## EXERCISE REQUIREMENTS
I need the lines from the one containing "Верхнее покрытие матраса" through the last line of the entries retyped exactly, with no pictures among them.

[EXTRACTED DATA Boundary: Start]

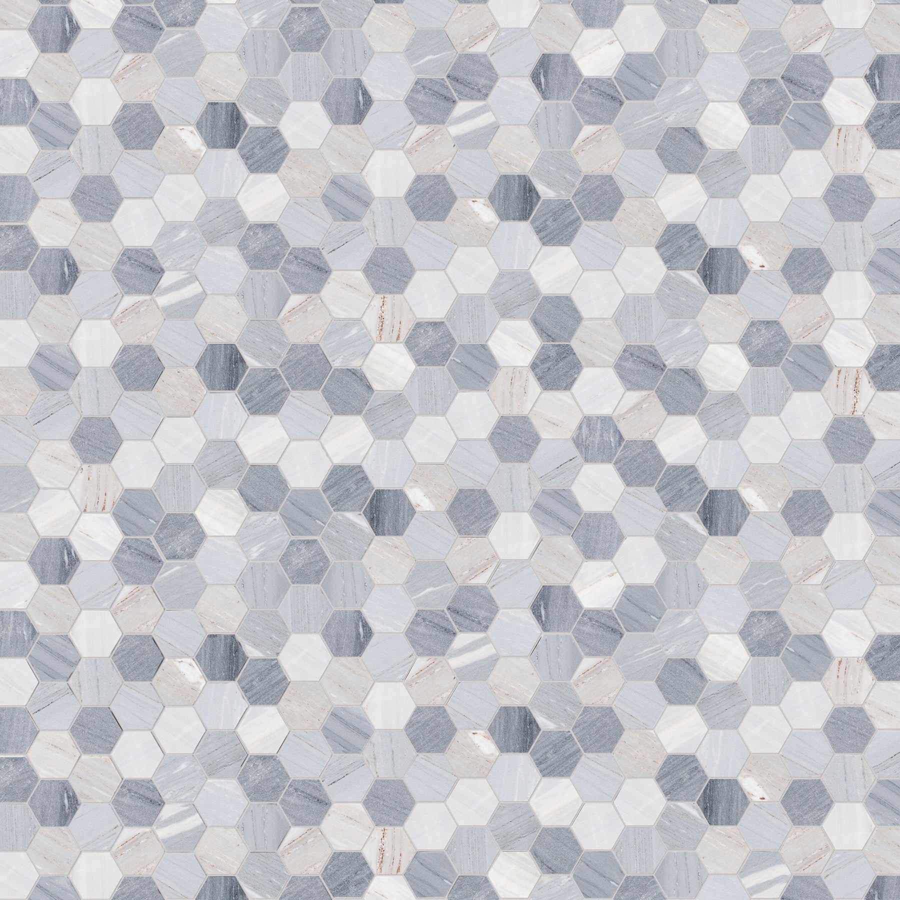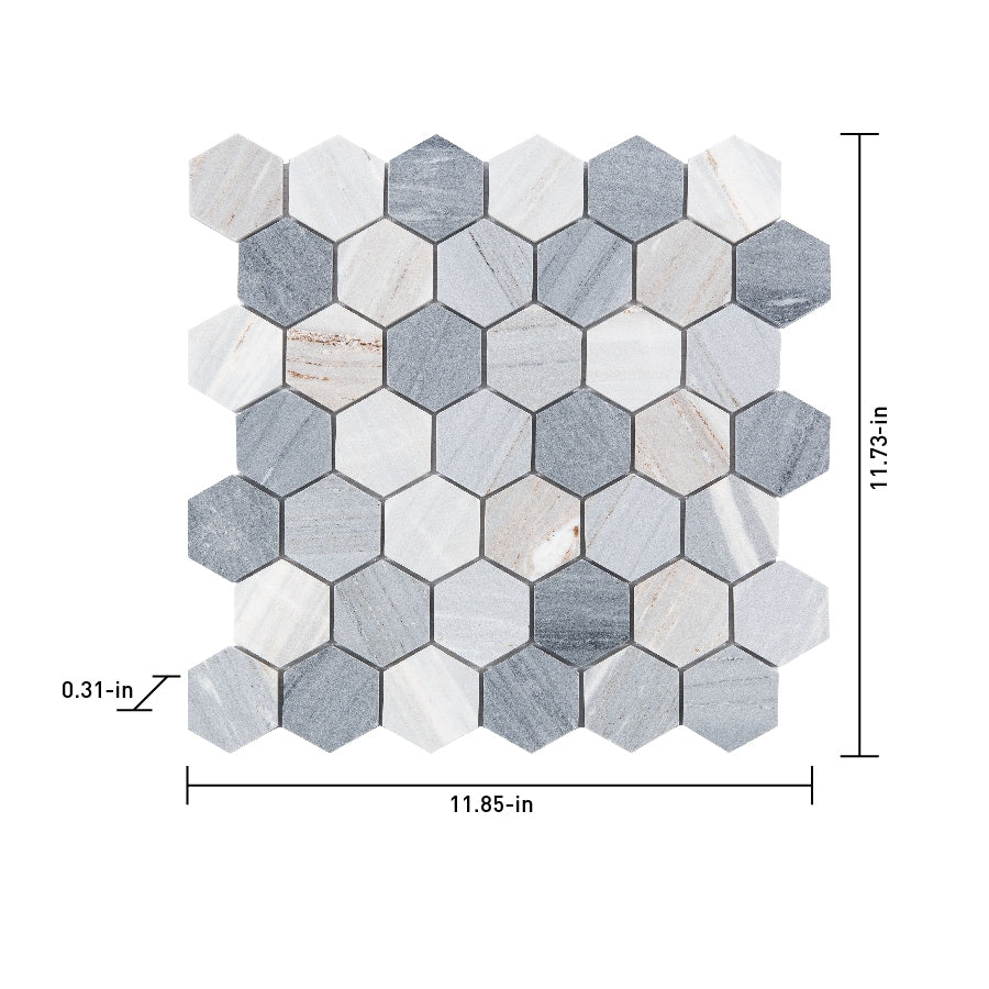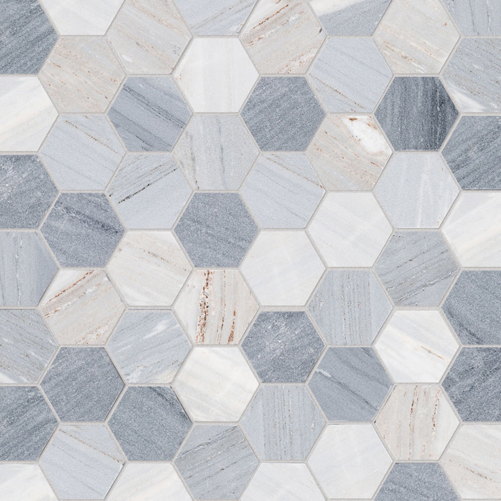 Transform your interior with the Satori Palissandro Polished Hexagon Mosaic Tile, featuring a stunning natural stone look with a captivating mix of blue and gray hues. Ideal for both floors and walls, its polished finish adds a luminous shine, making any space feel luxurious. Designed for medium to heavy traffic areas, this marble tile is perfect for your residential or commercial interiors.
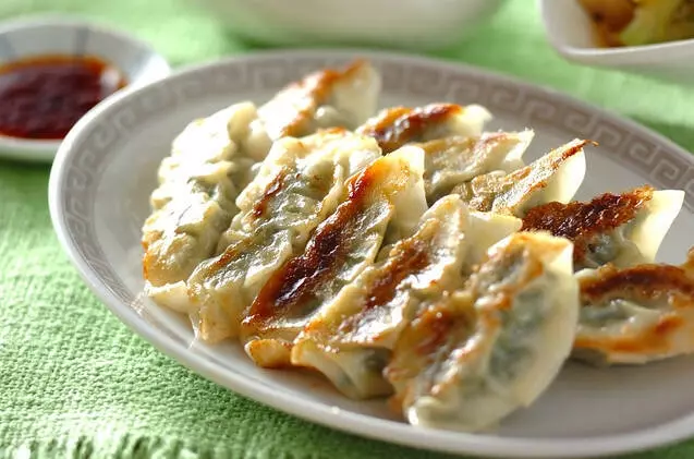 みじん切りにして塩もみしたホウレン草と豚ひき肉を合わせたアレンジ餃子。ホウレン草を一束使い切る栄養価の高いおかずです。黒酢ベースのつけだれでいつもの餃子と違う味わいをお楽しみください。
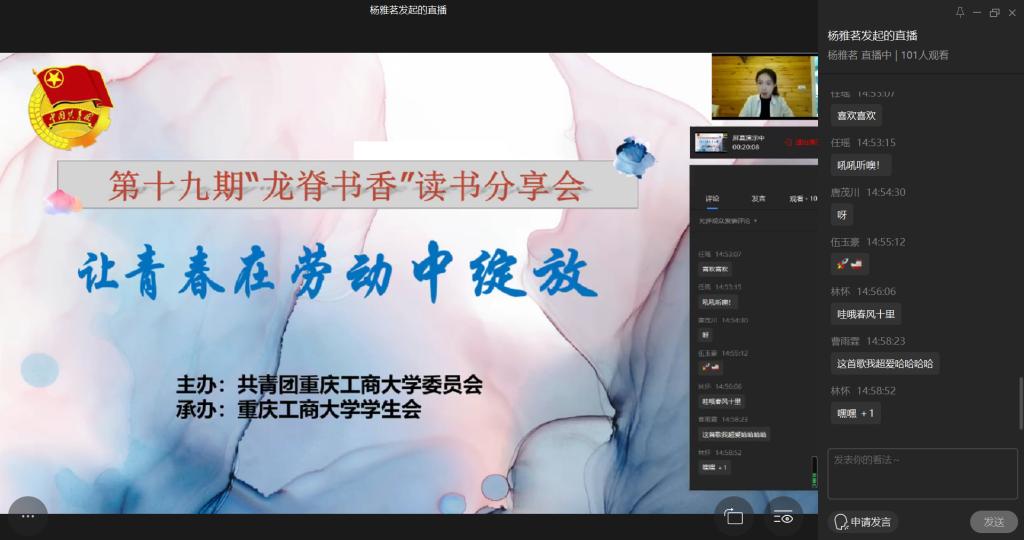 4月10日15:00,由校团委主办,校学生会承办的第十九期“龙脊书香”读书分享会在企业微信成功举办。本期分享会以“让青春在劳动中绽放”为主题,100余名师生观看直播,畅谈收获和感悟,共同分享抗“疫”期间的学习生活心得。
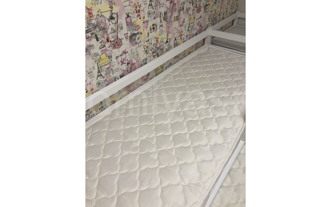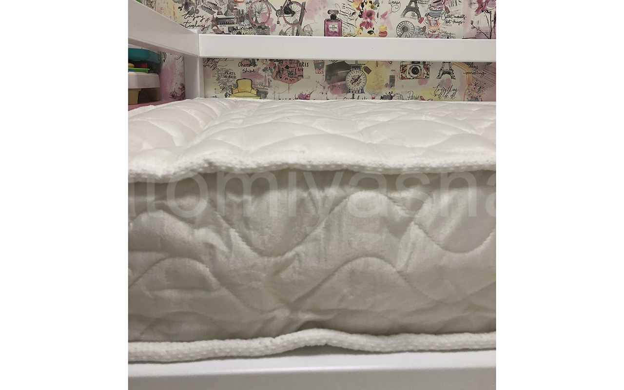 Верхнее покрытие матраса изготовлено из материала трикотаж - натуральный текстильный материал, изготавливаемый на основе хлопка, вискозы, шелка или шерсти методом переплетения систем двух нитей (основы и утка) по взаимно перпендикулярным направлениям. В результате образуется эластичное полотно с петлями. Трикотаж мягкий и приятный на ощупь. Материал получил широкое распространение в текстильной промышленности. Трикотаж используют производители матрасов для изготовления верхнего покрытия для матрасов, чехлов, наматрасников.
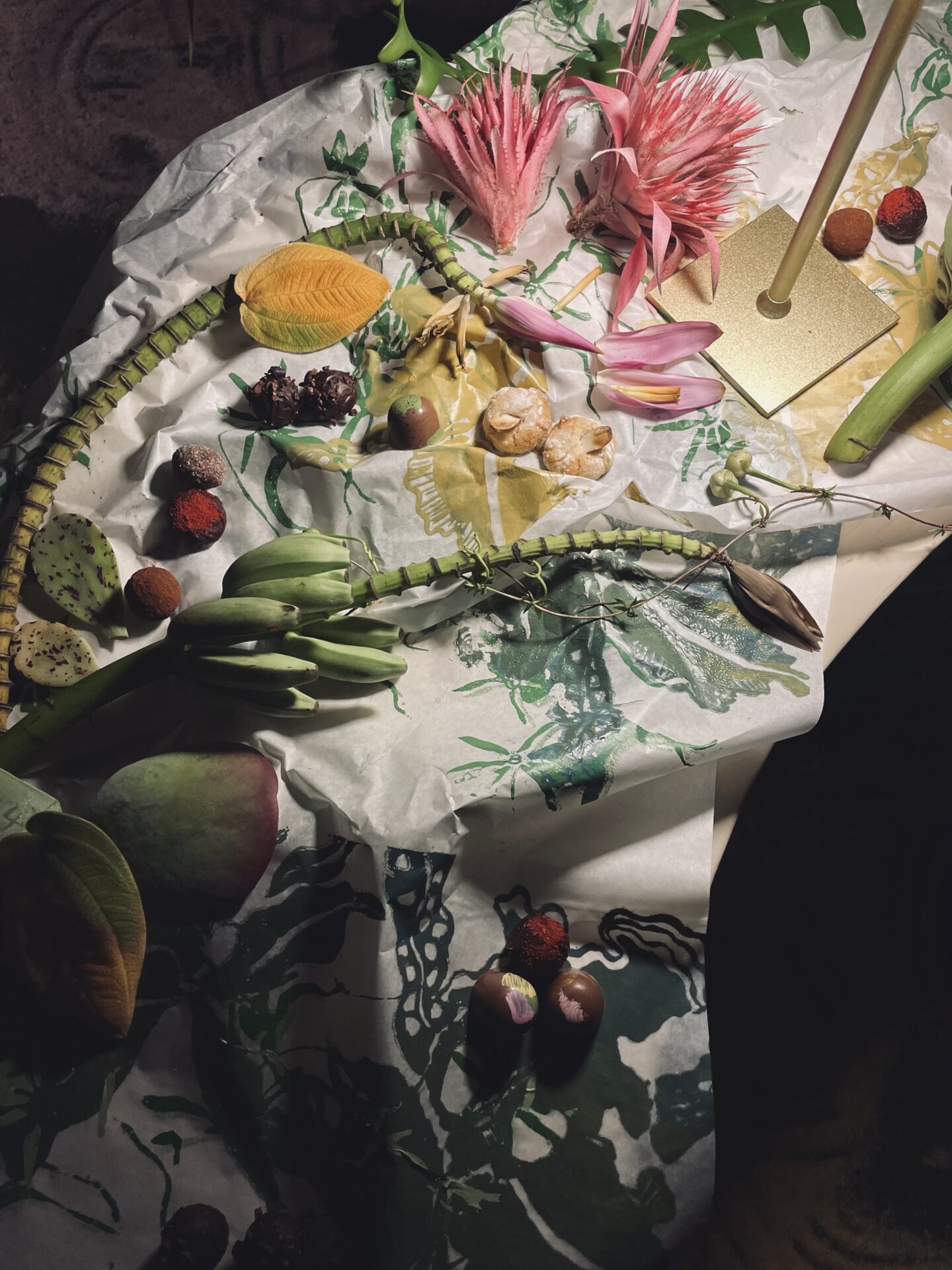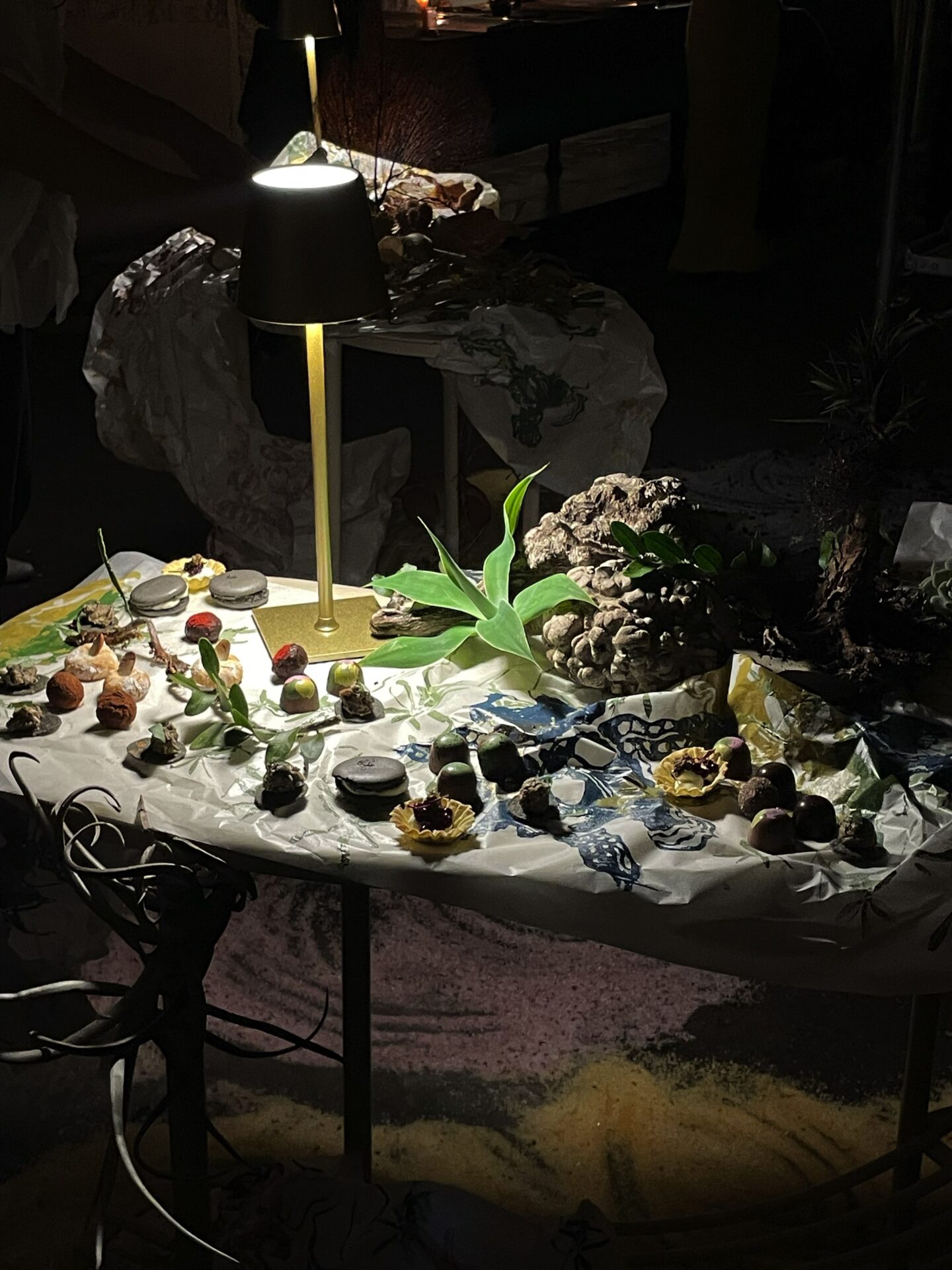 El piso estaba cubierto con sal rosada del Himalaya, que crujía bajo los pies mientras los participantes recorrían las mesas organizadas como jardines. Entre papel de seda, piedras y flores, se presentaban platos que jugaban con las apariencias: un macarrón que parecía dulce y floral contenía roquefort, y una crema suave sorprendía con un sabor picante. La propuesta invitaba a desplazarse con calma, en silencio, y descubrir detalles a través del tacto, la vista y el gusto, simulando el movimiento de los polinizadores.

[EXTRACTED DATA Boundary: End]

## TASK ANSWER
 Верхнее покрытие матраса изготовлено из материала трикотаж - натуральный текстильный материал, изготавливаемый на основе хлопка, вискозы, шелка или шерсти методом переплетения систем двух нитей (основы и утка) по взаимно перпендикулярным направлениям. В результате образуется эластичное полотно с петлями. Трикотаж мягкий и приятный на ощупь. Материал получил широкое распространение в текстильной промышленности. Трикотаж используют производители матрасов для изготовления верхнего покрытия для матрасов, чехлов, наматрасников.
 El piso estaba cubierto con sal rosada del Himalaya, que crujía bajo los pies mientras los participantes recorrían las mesas organizadas como jardines. Entre papel de seda, piedras y flores, se presentaban platos que jugaban con las apariencias: un macarrón que parecía dulce y floral contenía roquefort, y una crema suave sorprendía con un sabor picante. La propuesta invitaba a desplazarse con calma, en silencio, y descubrir detalles a través del tacto, la vista y el gusto, simulando el movimiento de los polinizadores.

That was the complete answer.